[Data supplied]:
==============================

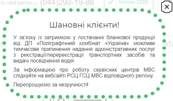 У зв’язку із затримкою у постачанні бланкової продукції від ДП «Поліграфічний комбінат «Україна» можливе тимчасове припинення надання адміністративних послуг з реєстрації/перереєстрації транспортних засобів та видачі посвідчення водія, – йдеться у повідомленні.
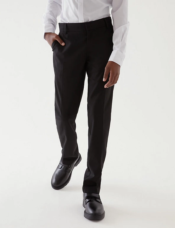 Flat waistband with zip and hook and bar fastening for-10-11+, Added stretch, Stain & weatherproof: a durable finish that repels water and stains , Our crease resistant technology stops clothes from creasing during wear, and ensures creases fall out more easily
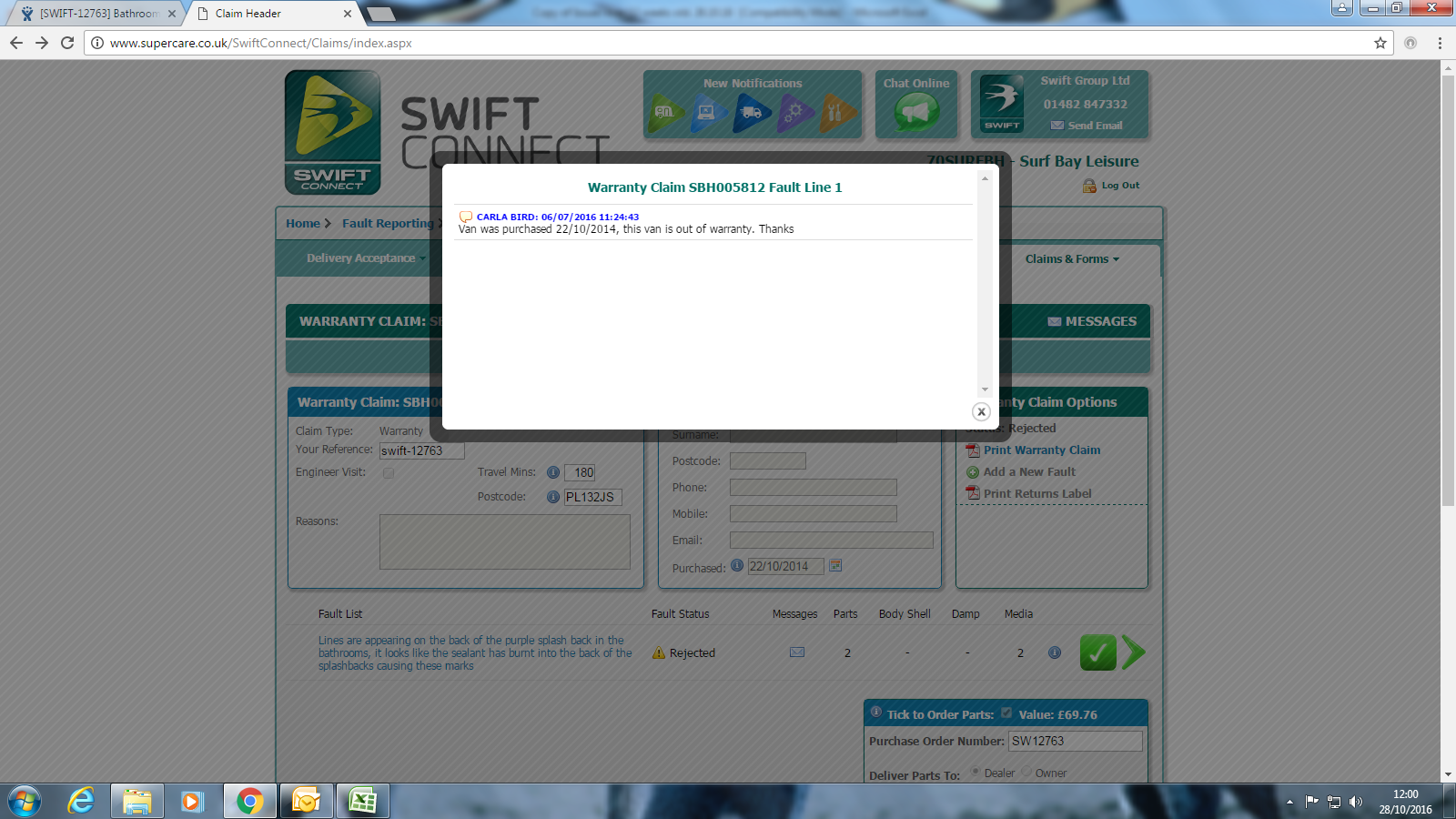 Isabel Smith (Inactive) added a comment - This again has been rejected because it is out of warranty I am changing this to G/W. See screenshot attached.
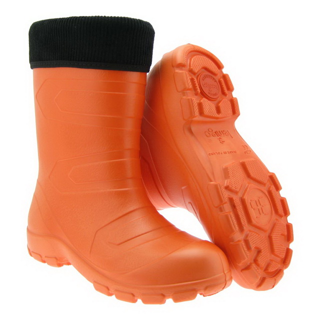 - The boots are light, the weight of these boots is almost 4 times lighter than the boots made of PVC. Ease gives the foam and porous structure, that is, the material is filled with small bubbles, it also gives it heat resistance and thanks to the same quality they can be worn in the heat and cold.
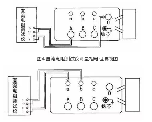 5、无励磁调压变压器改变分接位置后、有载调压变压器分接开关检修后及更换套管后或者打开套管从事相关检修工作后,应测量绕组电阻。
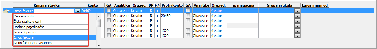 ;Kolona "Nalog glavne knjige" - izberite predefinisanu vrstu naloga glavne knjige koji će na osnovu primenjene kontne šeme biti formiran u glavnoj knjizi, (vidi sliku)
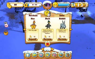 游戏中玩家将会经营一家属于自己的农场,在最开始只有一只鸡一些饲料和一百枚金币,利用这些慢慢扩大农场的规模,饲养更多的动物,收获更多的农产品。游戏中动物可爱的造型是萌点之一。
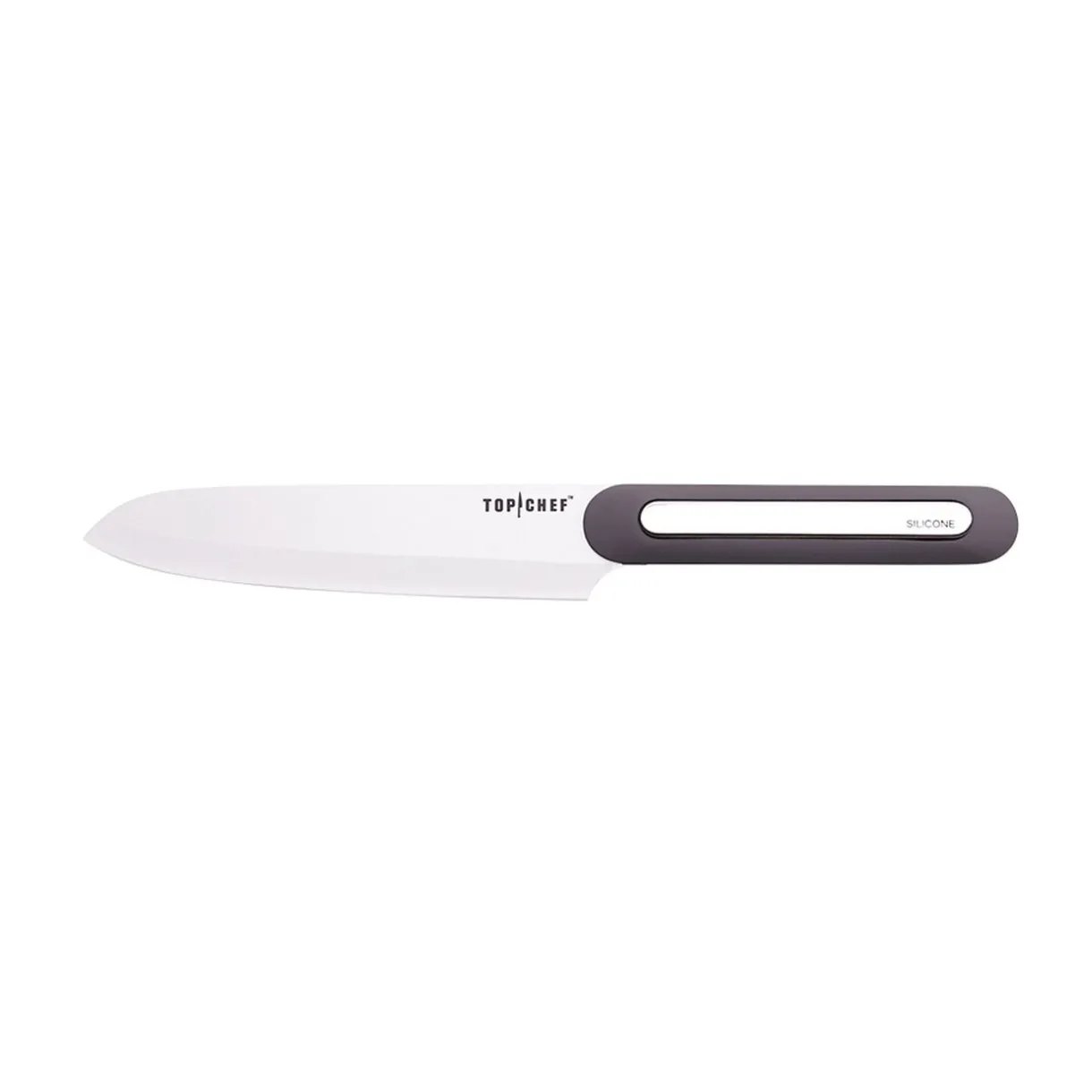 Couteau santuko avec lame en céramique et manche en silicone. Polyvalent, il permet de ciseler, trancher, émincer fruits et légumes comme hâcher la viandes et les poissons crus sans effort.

==============================

[What you have to do]:
Every line of the data above should be quoted exactly. Omit the pictures.

[Result of this task]:
 У зв’язку із затримкою у постачанні бланкової продукції від ДП «Поліграфічний комбінат «Україна» можливе тимчасове припинення надання адміністративних послуг з реєстрації/перереєстрації транспортних засобів та видачі посвідчення водія, – йдеться у повідомленні.
 Flat waistband with zip and hook and bar fastening for-10-11+, Added stretch, Stain & weatherproof: a durable finish that repels water and stains , Our crease resistant technology stops clothes from creasing during wear, and ensures creases fall out more easily
 Isabel Smith (Inactive) added a comment - This again has been rejected because it is out of warranty I am changing this to G/W. See screenshot attached.
 - The boots are light, the weight of these boots is almost 4 times lighter than the boots made of PVC. Ease gives the foam and porous structure, that is, the material is filled with small bubbles, it also gives it heat resistance and thanks to the same quality they can be worn in the heat and cold.
 5、无励磁调压变压器改变分接位置后、有载调压变压器分接开关检修后及更换套管后或者打开套管从事相关检修工作后,应测量绕组电阻。
 ;Kolona "Nalog glavne knjige" - izberite predefinisanu vrstu naloga glavne knjige koji će na osnovu primenjene kontne šeme biti formiran u glavnoj knjizi, (vidi sliku)
 游戏中玩家将会经营一家属于自己的农场,在最开始只有一只鸡一些饲料和一百枚金币,利用这些慢慢扩大农场的规模,饲养更多的动物,收获更多的农产品。游戏中动物可爱的造型是萌点之一。
 Couteau santuko avec lame en céramique et manche en silicone. Polyvalent, il permet de ciseler, trancher, émincer fruits et légumes comme hâcher la viandes et les poissons crus sans effort.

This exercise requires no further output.